Но, может быть, все это объясняется увенчивающимся пренебрежением к литературным формам, может быть, также и отвердением души, которая страдает в одиночестве и хочет принудить себя к полному приятию действительности, как бы жестока та ни была.
* * *
«Когда он уже умирал, Евстохий, который в это время жил в Путсолах, пришел к нему, когда уже было поздно, как он мне сам рассказывал. Тогда Плотин сказал ему: «Я еще жду тебя». Он сказал еще: «Стремлюсь возвести божественное во мне к божественному во всем». В эту минуту змея проползла под кроватью, на которой он лежал, и скользнула в щель в стене; [34] и Плотин скончался. Ему было, по словам Евстохия, 66 лет»
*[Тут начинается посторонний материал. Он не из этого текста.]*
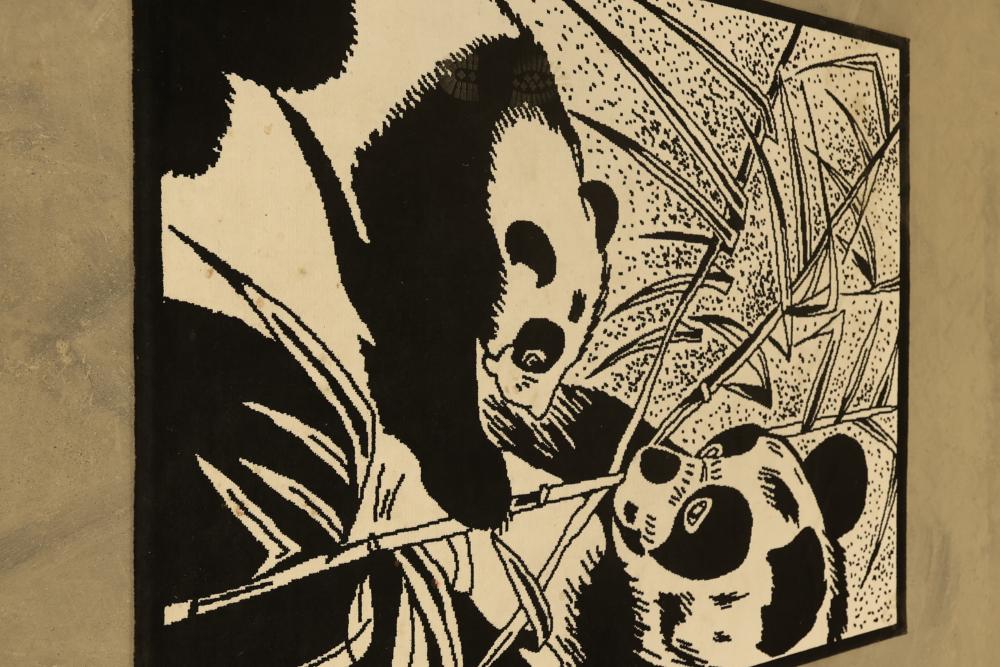 Black and White Panda-Themed Area Rug, Machine Made. Measures approximately 88 inches long and 66 inches wide. Features a detailed panda design. Note some staining on the bottom third of the rug, see photos for details. Pickup only.

В этих ultimis verbis – весь Плотин. Кроткая улыбка… «Я еще жду тебя», то есть: я не хотел умереть, не увидев тебя, мой последний друг, единственный ученик, который остался со мной. Но ты очень долго не шел! Из‑за тебя мне пришлось замедлить свой уход.\14\
Чувство Божественного присутствия… Если философствовать – значит учиться умирать, то сейчас я осуществляю высший философский акт: я стараюсь, чтобы то божественное, что есть во мне, вознеслось навстречу тому божественному, что есть во вселенной. В своих последних словах умирающий Плотин не употребляет каких‑то особых терминов. Не упоминает о Едином, о Благе, даже о Духе. Его последние слова – это почти банальная фраза, это «отдаю Богу душу», облеченное в терминологию стоиков. Это все равно, что сказать: моя душа сейчас сольется с Мировой Душой. Но все наследие Плотина позволяет нам уловить за этими простыми словами мистический смысл: слившись с душой вселенной, душа Плотина будет созерцать Дух Божий и его неизреченный источник, абсолютно простое Благо. И нам вспоминаются прекрасные и странные формулировки в описании Божественного присутствия:
«Ты уже не говоришь больше: до этих пределов – это я. Отбросив «до этих пределов», ты сам стал Всем. Ты и раньше Им был… Став кем‑то, перестаешь быть Всем, отрицаешь его. И это продлится до тех пор, пока не отбросишь такое отрицание. Ты становишься больше, отбрасывая все, что не является Всем. Если ты от этого откажешься, Все явится тебе»
* * *
Семнадцать веков отделяют нас теперь от Плотина. И современная история все ускоряет свой бег, унося нас непоправимо далеко от мудреца, одиноко умирающего на вилле в Кампании. Огромная пропасть зияет между ним и нами. И все же, когда мы читаем некоторые страницы «Эннеад», что‑то пробуждается в нас, какой‑то отзвук в глубине нашей души. Прав был Бергсон, говоря о зове мистиков: «Они ничего не просят, и однако получают. Они не нуждаются в призывах, они просто существуют; их существование – это зов». [35]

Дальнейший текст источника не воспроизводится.